What Pierson is talking about is more than explanation or consultation. It is real patient involvement at every level of health care, in hospitals, in treatment planning, perhaps also in budget allocations.

This simple idea is both lunatic and common sense. Lunatic because it is extreme by our standards, common sense because why should anybody but patients, the main stakeholder, be in charge of healthcare?

Pierson says when patients get involved in decision-making, the consultant, doctor or nurse is relieved of a big burden. "Most doctors walk the corridors of their hospitals with the fear that this could be the day when they make that one error that costs a patient, this could be the day I do harm. It's a terrible burden. But do you know what? When doctors let go of all their power they find themselves less burdened by that fear."

But Steve McMahon is not sure that even patient consultation is anything like imminent.

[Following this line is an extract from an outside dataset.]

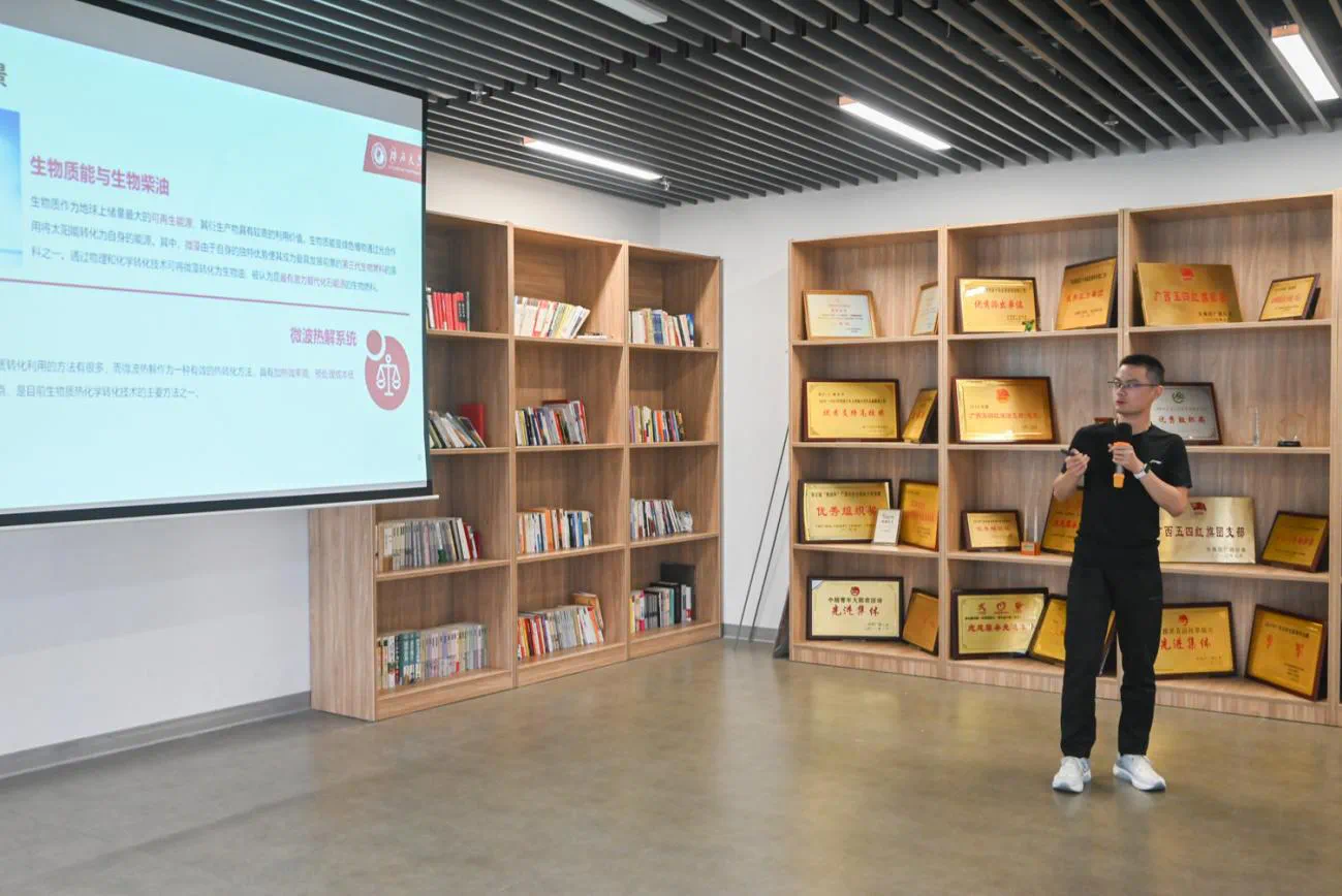 来自kaiyun登录中国入口登录的黄羡飞分享了《基于通信策略的船助无人机巡检方案研究》,设计了使用船和无人机对海上风电场中的故障巡检方案;广西医科大学公共卫生学院的欧柳娟同学分享了在医学领域比较重要的数据库;广西民族大学电子信息学院的姚康同学分享了考虑智能负荷的频率响应资源优化调度方法;广西民族大学人工智能学院的周日飞同学介绍了他们利用人工智能技术开发的鹰眼警情分析系统;kaiyun登录中国入口登录机械工程学院的赵星辰同学分享了利用微波热解系统,有效且低成本地将生物质原料转化为生物柴油的清洁实验;广西中医药大学公共卫生与管理学院的谢翠微同学结合广西多地分级诊疗建设情况,分享了调研的思考;南宁师范大学地理科学与规划学院谭家鑫同学运用地图可视化和莫兰指数分析,为制定碳减排政策提供建议;kaiyun登录中国入口登录化学化工学院的徐爱浩同学分享了高效电催化CO2还原制备甲酸盐技术。

"There are patient forums at a number of hospitals now," says McMahon. "But we're only just beginning to find our feet and take root. The big challenge lies with patients in specific disease groups like diabetes who have so much experience or in MRSA where patients have different experiences and needs.

"Listening to patients' experiences creates an opportunity to improve delivery. It doesn't need to cost money."

A promise from the Department of Health and Children to appoint a majority of lay members on the Irish Medical Council and McMahon's own participation in the clinical indemnity scheme are steps forward, but are they in the right direction?

McMahon acknowledges there are many fronts on which patient-centred care could progress, where the barrier is often something as simple, but threatening, as information.

We don't know, for example, enough about GP prescribing patterns in Ireland, so it is difficult for us patients to judge an important and straightforward issue such as consistent and appropriate medication across the country.

Patient consent to treatment in Ireland is also inappropriately framed, says the IPA. "The patient is signing a major contract [ when submitting to treatment]," says McMahon.

"The stakes are very high. But consent is treated more like a legal waiver when, for the patient, it means much more than that."

Also on the IPA list of desires for 2006 is progress on the disclosure of medical errors, an area where, if hospitals and consultants came clean, the IPA believes, would lead to a decline in litigation.

Still, the sense that these are important but marginal improvements is difficult to shake off if the ambition level is set as high as it is in Whatcom County.

To put patients at the centre of the healthcare system, they need information, and not only about prescribing habits. The medical profession over the past 30 years has resisted many new disease definitions that later turned out to be significant.

Irritable bowel syndrome and Candida infection were thought not to exist when they were first discussed, but the medical profession now concedes that they are real problems.

Who decides what is a real illness and what is the best way to treat it? Patient-centred care is currently an ambiguous term meaning different things in California and Dublin. Do we take it to mean adequate consultation? Or is patient-driven decision- making the way forward for Ireland?